Когда кортеж проехал по улицам Сен-Филипп и Сен-Жак и свернул в конце улицы Пепиньер на улицу Курсель, герцог вспомнил первый вечер, а этот сегодняшний вечер был, несомненно, последним. В минувшем году, когда все шло в обратном порядке, все было лишь опьянением возврата. Шарль-Фердинанд тогда явился к королю во дворец Сент-Уэн. Вступление в столицу было назначено на завтра. Весь день прошёл в лихорадочных переговорах с представителями союзников, с русскими офицерами, с австрийскими эмиссарами, с делегациями из Парижа. И выдумал же дядя назначить его на этот вечер начальником охраны дворца! Это его-то, только что, словно в волшебной сказке, перенёсшегося из Лондона в Париж, его, старавшегося наверстать безрадостную юность, его, отторгнутого от Парижа, которого он не знал, но горел желанием открыть для себя! Ах, да ну вас к такому-то богу! Он передоверил командование Удиномаршалу, только что перешедшему на сторону короля: раз перешёл, пусть и несёт такую повинность! Коня, коня! До сих пор он помнит, какую ему тогда подали лошадь: настоящего арабского скакуна, достойного нести на себе принца крови, и как он помчался прямо, прямо по улице Ришелье в Оперу. Сколько мечтал он там, на Друри-Лейн, о парижской Опере! Эмигранты, словно сговорившись, твердили об Опере как о каком-то потерянном рае. Парижская Опера! Как будто она была главным магнитом всей жизни Шарль-Фердинанда; отвоёванная Франция для него была прежде всего парижской Оперой. Он возвращался во Францию как завоеватель, как победитель, а что же бывает первой наградой победителю? Юная красотка! Разве не так? Зал был переполнен, сплошь белые кокарды. Музыка. Ложи. Толпа.

Кто же предложил ему свой бинокль? Кажется, дама, сидевшая в соседней ложе вместе с австрийцем. И сразу же в кругу танцовщиц он увидел её, козочку, отмеченную среди прочих, эту девочку, которая вместе со всеми фигурантками делала на сцене какие-то неопределённые движения. Что же давали в тот вечер?

«Свадьбу Гамаша», конечно, — балет, решивший его судьбу. Виржини! Это было его победой, возвращением из изгнания, торжеством его рода. И какая выдалась тогда весна, благоуханная весна 1814 года, как пышно расцветала сирень в саду его любовницы, окружавшем маленький особнячок, подаренный ей маршалом Наполеона, как прекрасна была тогда курсельская сирень! Они разыгрывали в жизни продолжение «Свадьбы Гамаша», перепробовали все старомодные утехи, которых он не испытал юношей по милости этого народа, этих санкюлотов: в Монсо они возродили трианонские игры Марии-Антуанетты. Виржини звала его «мои пастушок», а когда наступило лето, они гонялись друг за дружкой по люцерновым лугам, творили любовь под вольным небом.

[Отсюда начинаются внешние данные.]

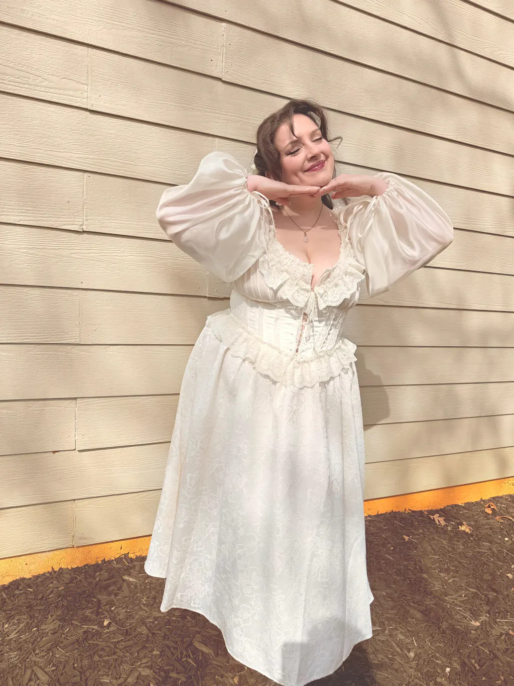 So when I first saw this dress, of course the first thing that came to mind was Christine Daae's dress from the James Cameron movie, the dress when the Phantom leads her through the mirror and down to his lair while they sing the song. Of course I feel like Christine Daae in this beautiful dream of lace and satin! The top part is so delicate and ephemeral I really do feel like an angel of music while wearing it!
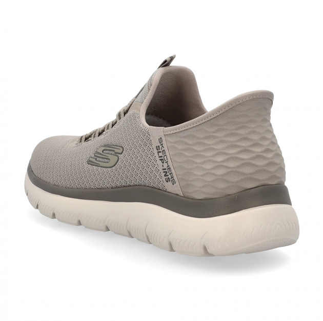 Sneaker Uomo taupe in mesh, con logo laterale. Oltre al nostro esclusivo Heel Pillowโข, che mantiene il piede saldamente in posizione, questo modello vegano presenta uno speciale pannello sagomato Skechers Slip-insโข sul tallone, che premette di levare le scarpe senza mani, con lacci fissi e una soletta ammortizzata Skechers Air Cooled Memory Foamยฎ.
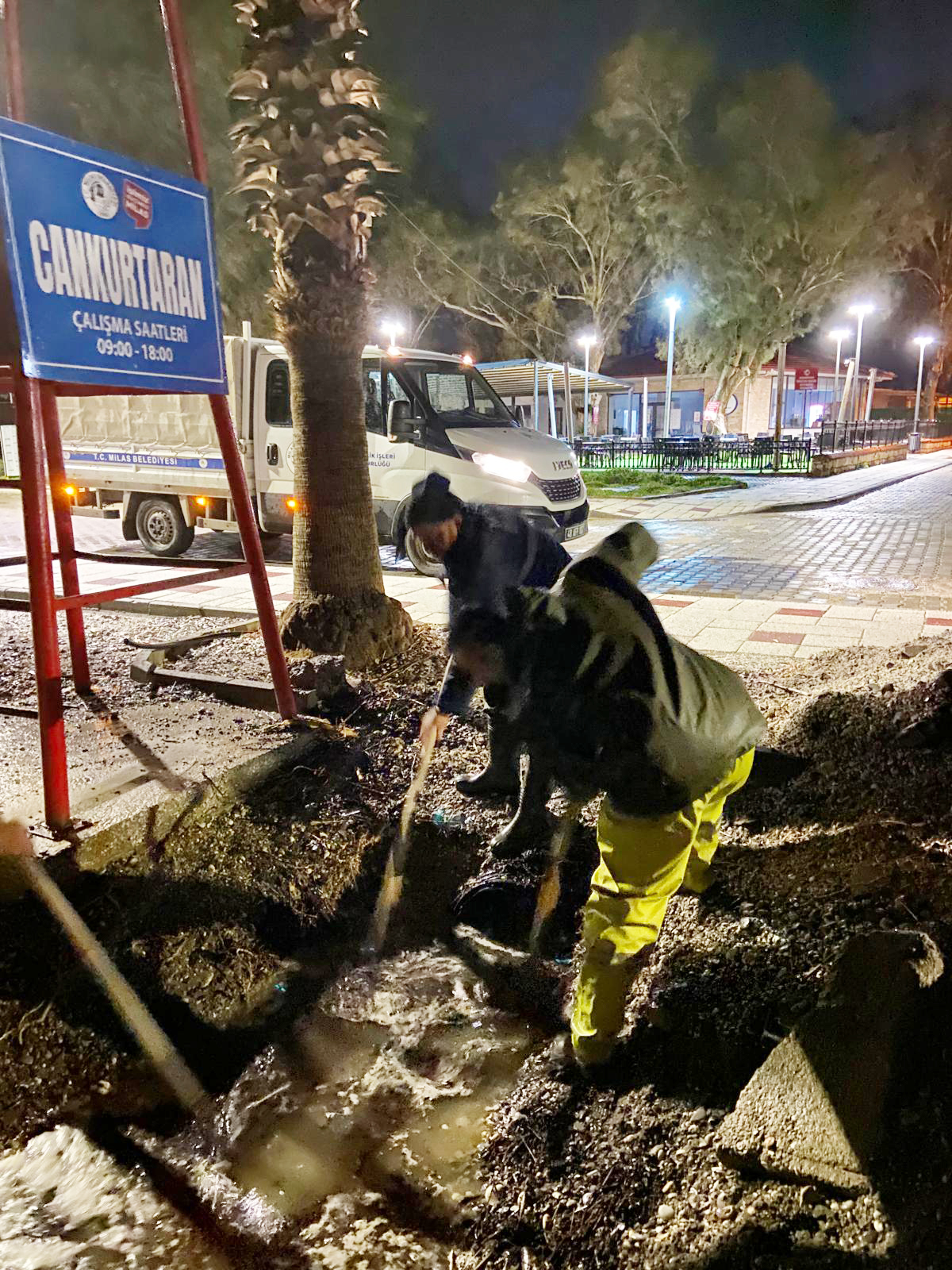 Ekipler, yağışlar nedeniyle ev ve iş yerlerinde meydana gelen su baskınlarına kısa sürede müdahale ederken; dere taşkınlarının yol açabileceği riskleri azaltmak ve yollarda oluşan hasarları gidererek ulaşımın aksamamasını sağlamak için yoğun mesai harcadı. Tespit edilen noktalar ve vatandaşlardan gelen ihbarları değerlendiren Milas Belediyesi ekipleri vatandaş ve çevre güvenliğini sağlamak için gece gündüz sahada mücadele etti.

Шарль-Фердинанд забыл все на свете-двор, охоту, политику.

В этот час, когда ему вновь предстояло отправиться в изгнание, Виржини олицетворяла для него торжество королевской власти, Францию; он забыл всех на свете, забыл Бургуен… и старого короля в язвах, который, лёжа в постели, приподнимает рубашку и подставляет свои недужные ягодицы костлявым, скользким от белесой мази пальцам иезуита.

— Послушай, Франсуа, ты совсем с ума сошёл, зачем я только разрешила тебя впустить… Разве ты сам не понимаешь, как нужно обращаться с женщиной, только что оправившейся после родов? Оставь меня в покое! Нет, ты только вообрази, а вдруг кто-нибудь войдёт!

И впрямь она была прелестна, ещё более, чем всегда, прелестью молодого материнства, с синевой усталости под чёрными глазами, а эта белизна рук, плеч, маленькой трепещущей груди, набухшей от прилива молока. Виржини лежала, откинувшись на смятые подушки, по которым рассыпались пряди её чудесных чёрных волос, в спальне стоял полумрак-светильники возле тускло поблёскивавшего трюмо погасили, и только одна свеча окрашивала в золото сгущавшуюся по углам тень и белизну обнажённых плеч… И ей ещё не было полных двадцатидвадцать лет ей исполнится только в июле. Долговязый Франсуа, весёлый и глупый, как щенок, родился в декабре 1795 года.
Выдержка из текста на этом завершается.